(Provisions Regarding the Statutory Forfeiture of Shares) The forfeiture of shares should be legal, otherwise it will not be valid by the court. There are following provisions in the Companies Act for statutory forfeiture of shares.
1. Provisions in the Councilor’s Articles of the Company No company can ordinarily forfeit shares unless it is expressly provided for in the Councilor’s Articles with respect to forfeiture of shares.
2. Reasonable justification for forfeiture – There should be a proper justification for forfeiture of shares which cannot be done by the shareholders only after the payment of the call for a certain period of time. The company cannot forfeit the shares for any other reason, even if there is an additional provision in the Articles of Association of the company.
3. Appropriate action to be taken while forfeiture – Forfeiture of shares cannot be considered valid unless proper action has been taken for the same. If a call has not been made by law, then the director cannot proceed for forfeiture of shares for non-payment of such call.

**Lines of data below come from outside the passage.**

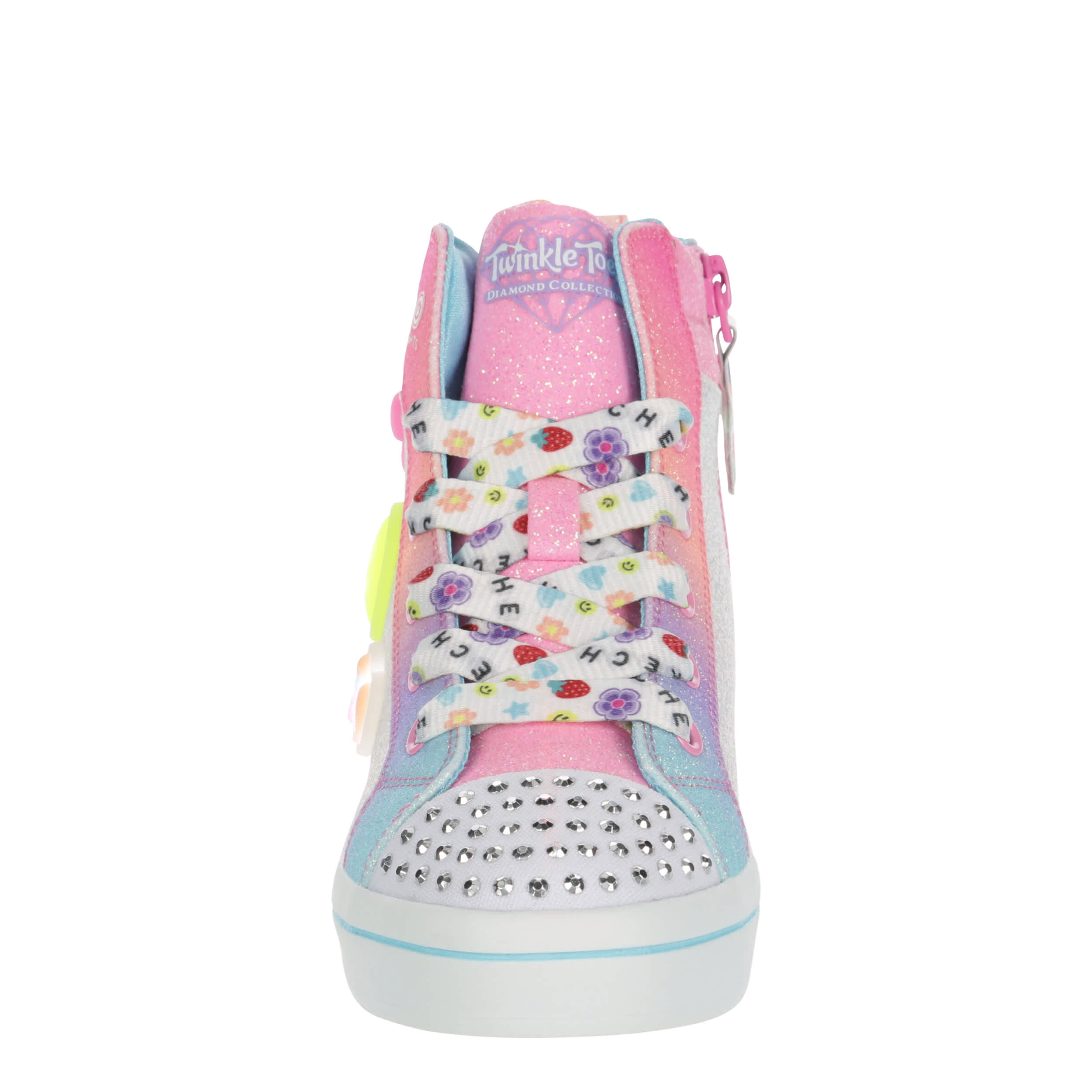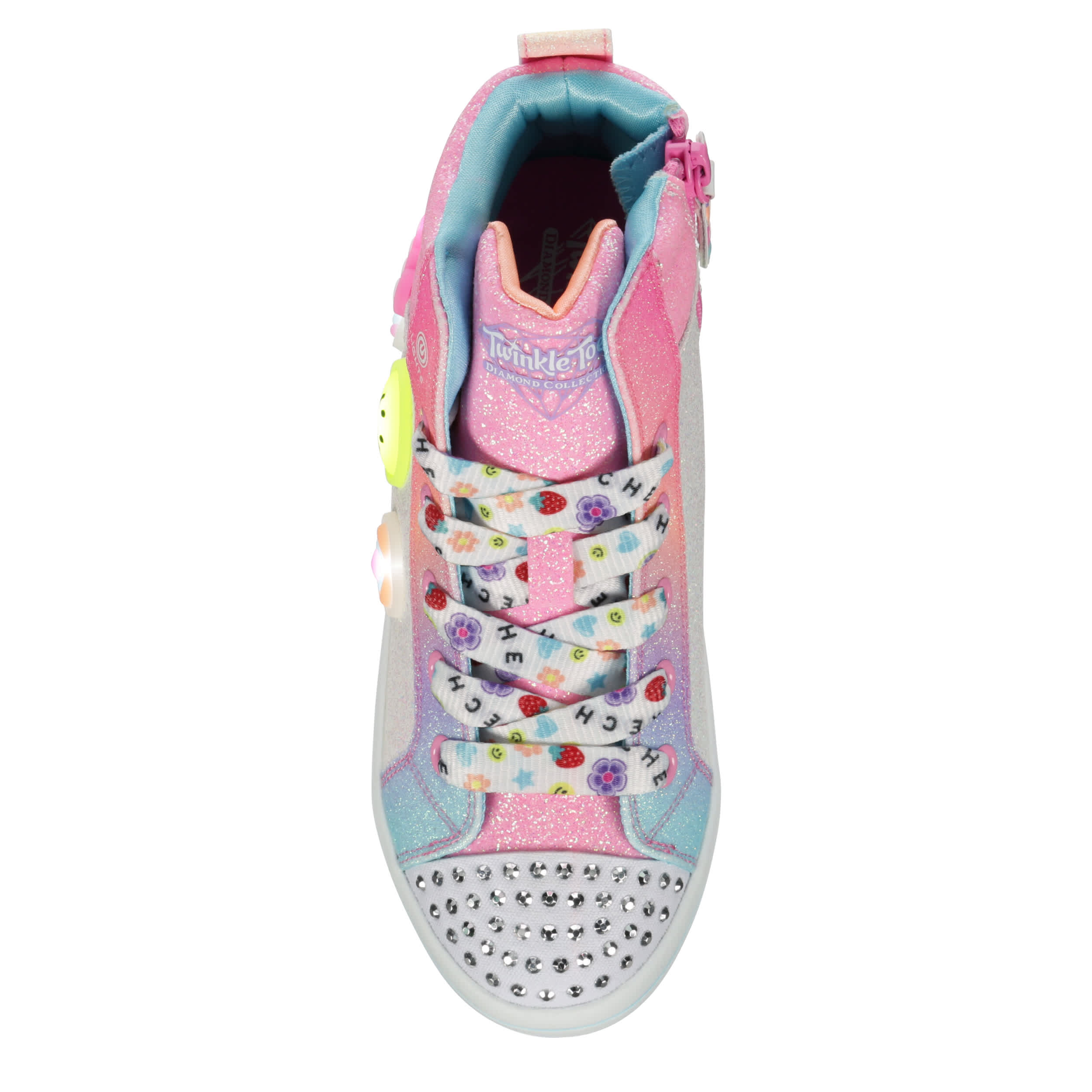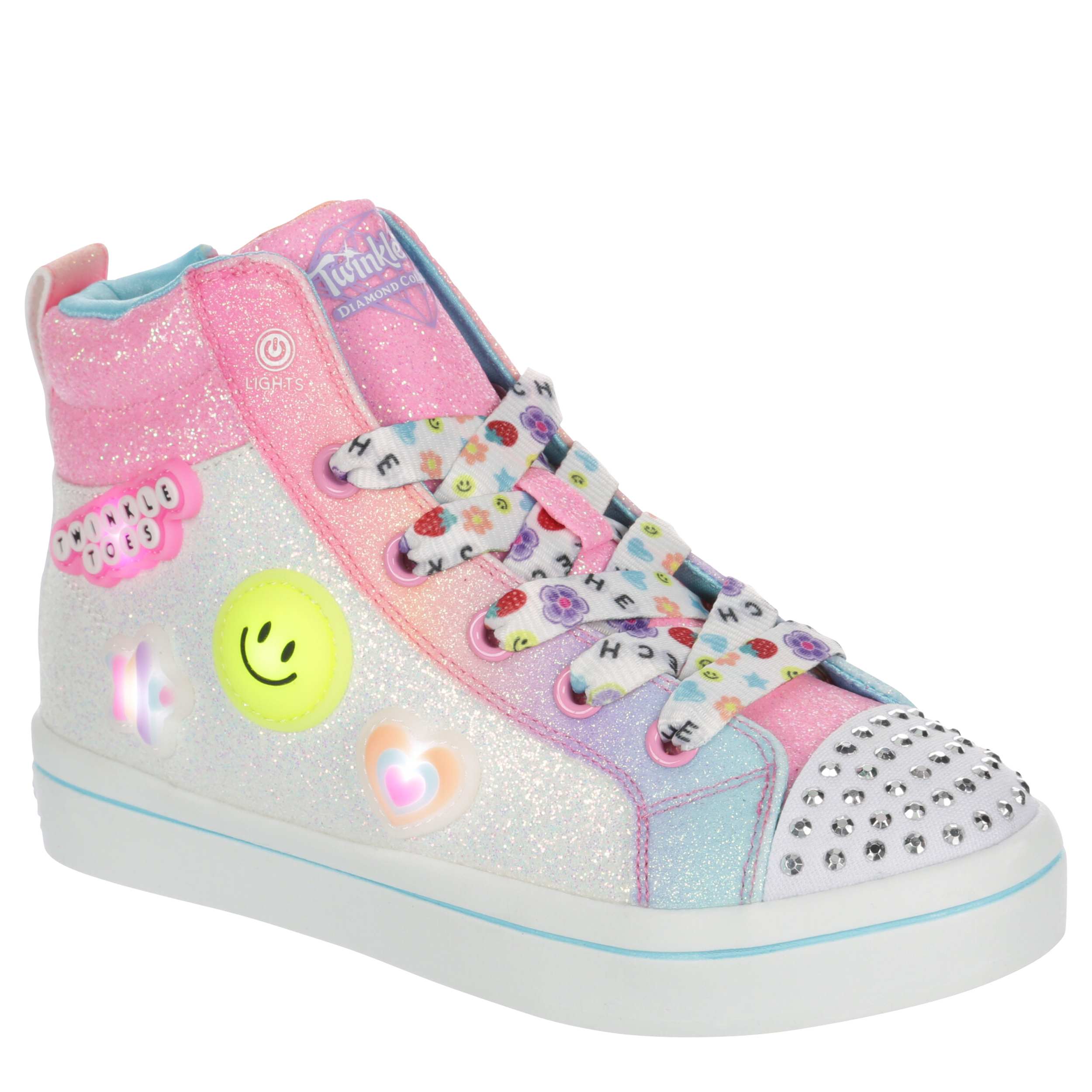 Follow the joy in the Skechers Twinkle Toes®: Twi-Lites 2.0 - Bit of Happiness light up sneaker. Featuring a glittery upper with a rhinestone toe cap and on/off button, this lace-up sneaker has a side zipper and bits that light up. The insole comforts her foot, while the outsole provides durability.
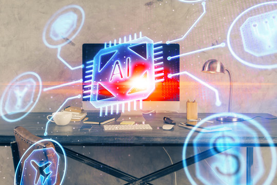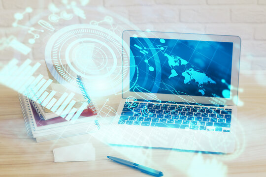 Business theme concept hologram with desktop office background. Double exposure.
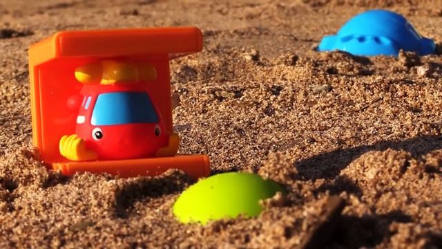 Видео про машинку и вертолётик на пляже. Строим пирамиду
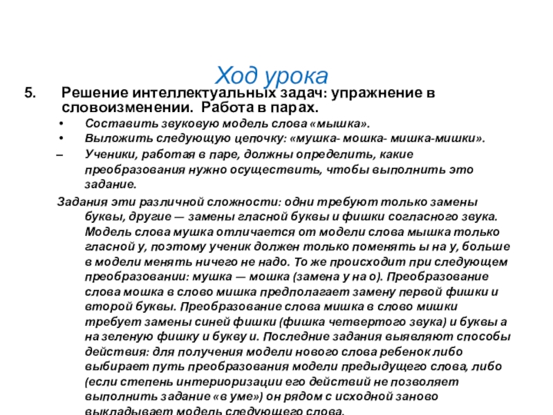 Задания эти различной сложности: одни требуют только замены буквы, другие — замены гласной буквы и фишки согласного звука. Модель слова мушка отличается от модели слова мышка только гласной у, поэтому ученик должен только поменять ы на у, больше в модели менять ничего не надо. То же происходит при следующем преобразовании: мушка — мошка (замена у на о). Преобразование слова мошка в слово мишка предполагает замену первой фишки и второй буквы. Преобразование слова мишка в слово мишки требует замены синей фишки (фишка четвертого звука) и буквы а на зеленую фишку и букву и. Последние задания выявляют способы действия: для получения модели нового слова ребенок либо выбирает путь преобразования модели предыдущего слова, либо (если степень интериоризации его действий не позволяет выполнить задание «в уме») он рядом с исходной заново выкладывает модель следующего слова.
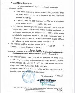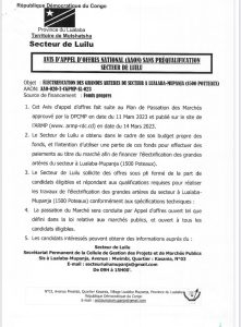 Lualaba : Le secteur de Luilu procède à un Avis d’Appel d’Offres National AA0-020-T-CGPMP-SL-023 relatif à l’électrification des grandes artères du secteur à Lualaba-Mupanja (1500 Poteaux)
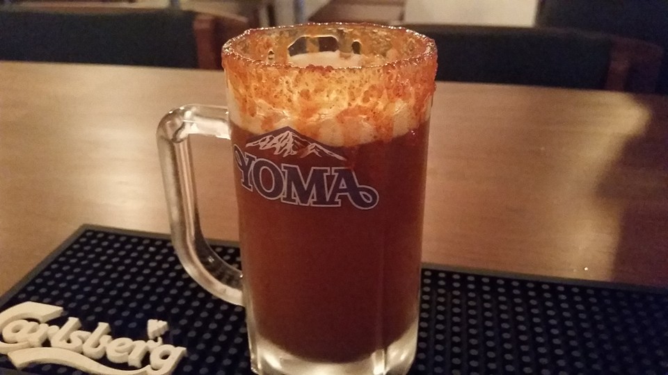 Drinks look authentic and potent, like this Michelada Tamarindo, with a shot of tomato and a chili-lime salt rim.
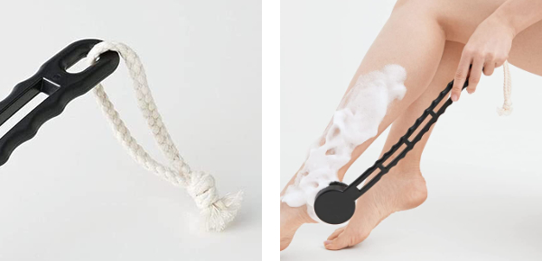 | 吊り下げ収納が可能 バスルーム内で吊り下げて収納できるひも付きです。水切りにもなり清潔をキープできます。 | 背中だけでなく全身に 背中だけでなく、ふくらはぎなど脚にも、楽な体勢で全身にお使いいただけます。 |
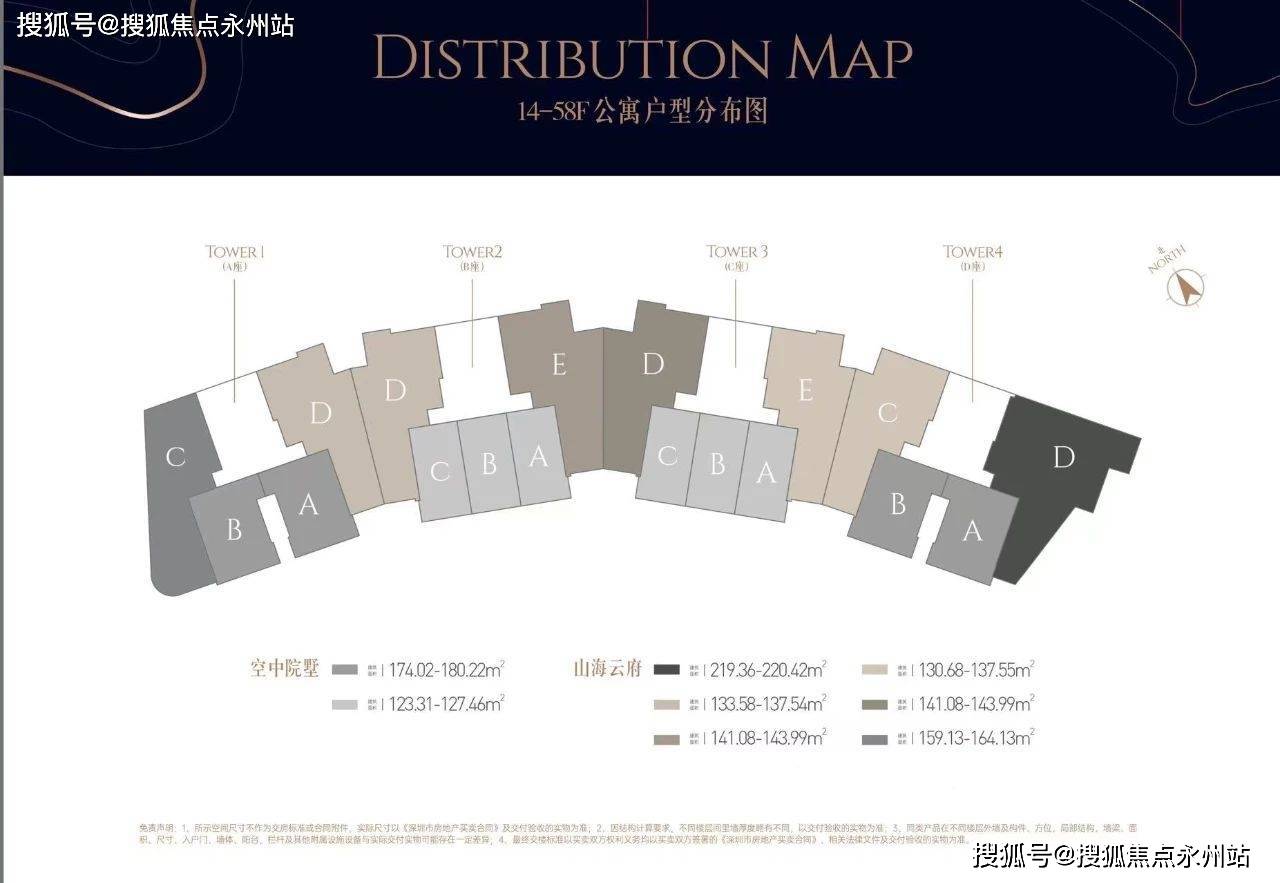 主力产品为建面约123-220平米的海景客厅城市院墅,户户看海户户向阳,包括约123-180平米的空中院墅和约133-220平米的山海云府。
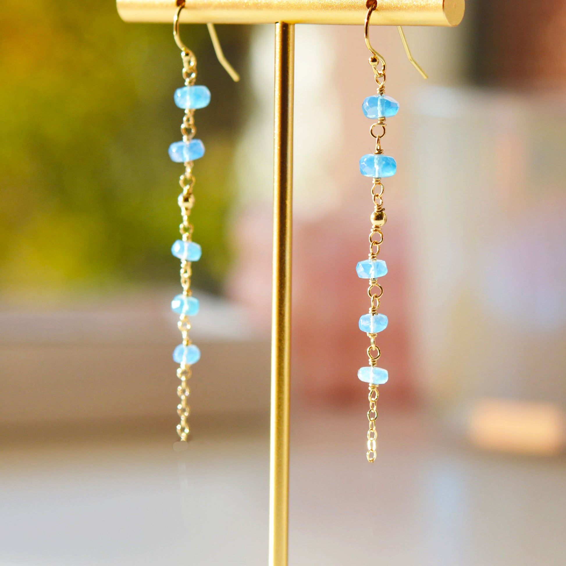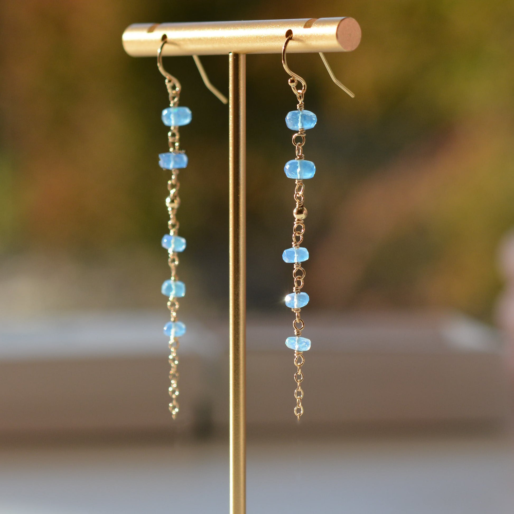Step into a world of timeless elegance with these exquisite handmade blue opal matching long dangle earrings, designed to add a touch of celestial charm to your everyday attire.
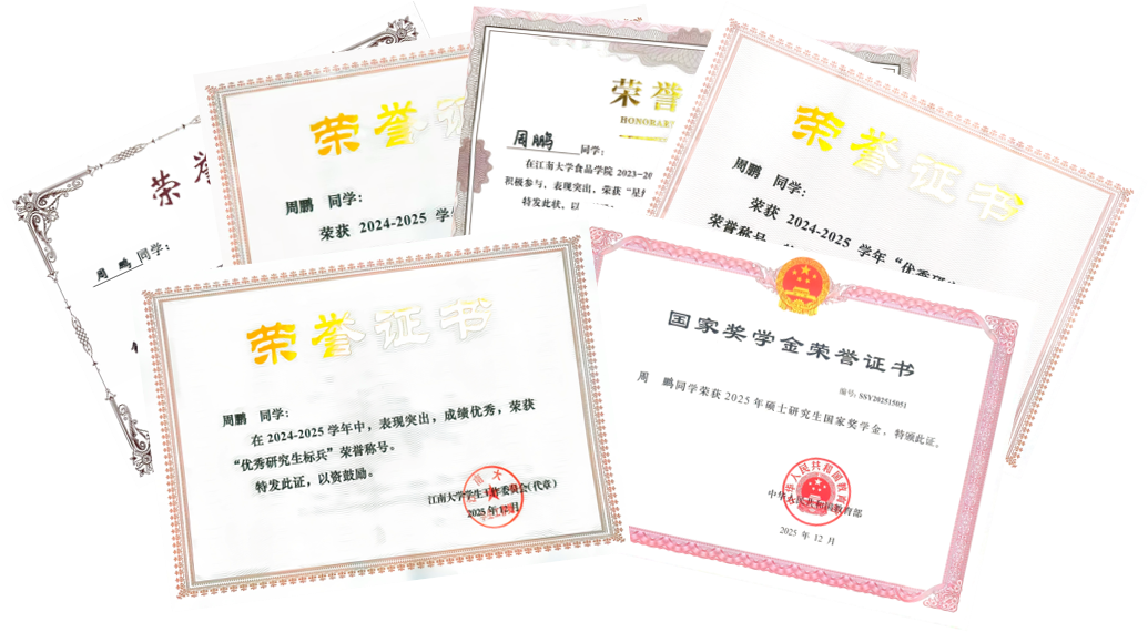 凭借扎实的专业功底与严谨学习态度,周鹏斩获研究生国家奖学金、连续两年获江南大学研究生一等学业奖学金,获评江南大学“优秀研究生标兵”等十余项荣誉。这既是对他潜心科研的充分肯定,也让“把科研做进三餐、融进百姓食材”的初心,一步步落地生根。
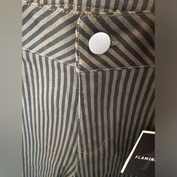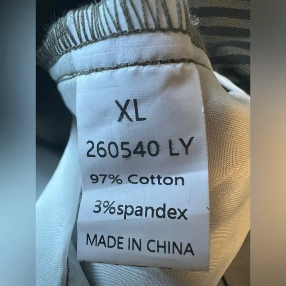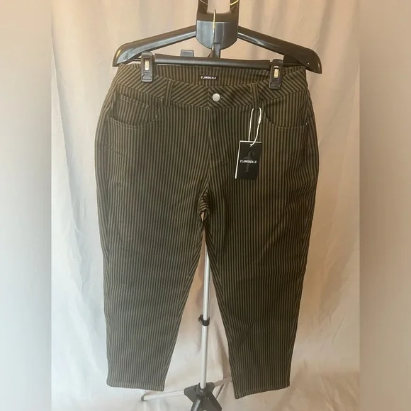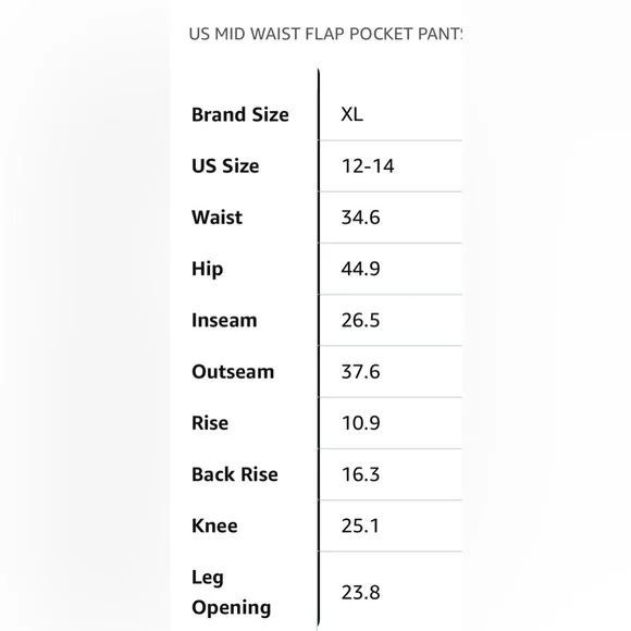 Stylish black pinstripe pants. Perfect for any occasion. Comfortable fit.Brand SizeUS SizeWaist (in)Hip (in)Inseam (in)Outseam (in)Rise (in)Back Rise (in)Knee (in)Leg Opening XL12-1434.644.926.537.610.916.325.123.8
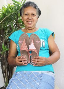 O modelo com 6 cores diferentes tem como proposta permitir que as consumidoras bordem na parte superior do produto, traduzindo assim a moda para a realidade da mulher brasileira. Além da possibilidade de customizar a própria sandália, o calçado também tem bordados exclusivos na palmilha feitos pelas Artesãs da Linha Nove, que retratam em suas artes flores que simbolizam ao mesmo tempo a delicadeza e força de ser mulher.
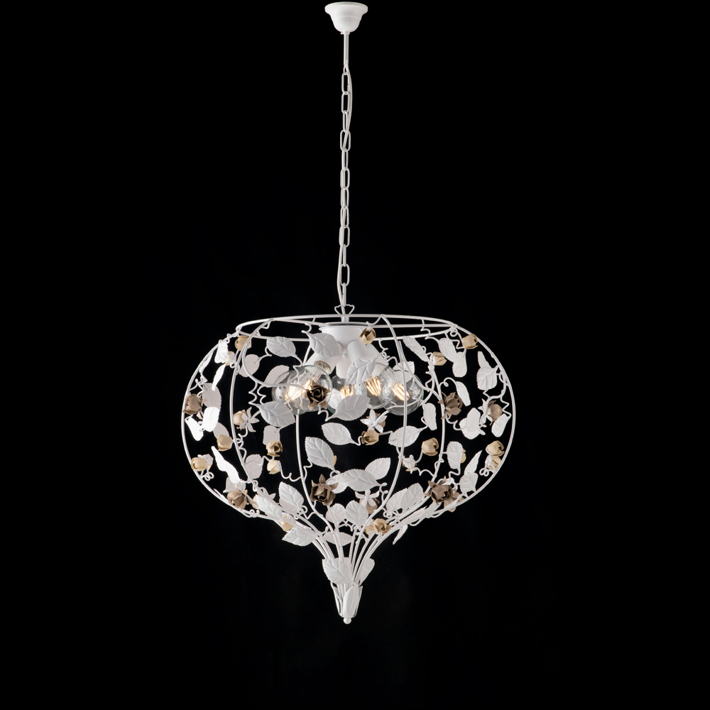 Deze kroonluchter is verkrijgbaar in de verfijnde, lichte en romantische Shabby White -afwerking of in de warme en kostbare Ivory-versie met gouden details . Hij past perfect in elegante woonkamers, eetkamers, sfeervolle entrees en prestigieuze projectinrichtingen .

4. Procedure for forfeiture should be proper and valid – The procedure for forfeiture of shares should be proper and valid, otherwise the forfeiture of shares will be considered illegal. The arrangement for forfeiture of shares should be as per the lawful rules mentioned in the Articles of Association of the company.
5. The right of forfeiture of shares by the directors to be exercised in the interest of the company – Only the directors of the company have the right to forfeit the shares. They should exercise this right in the interest of the company. If they do not do so, the forfeiture of shares may be cancelled. For this, the shareholders also get the right to present a suit in the court.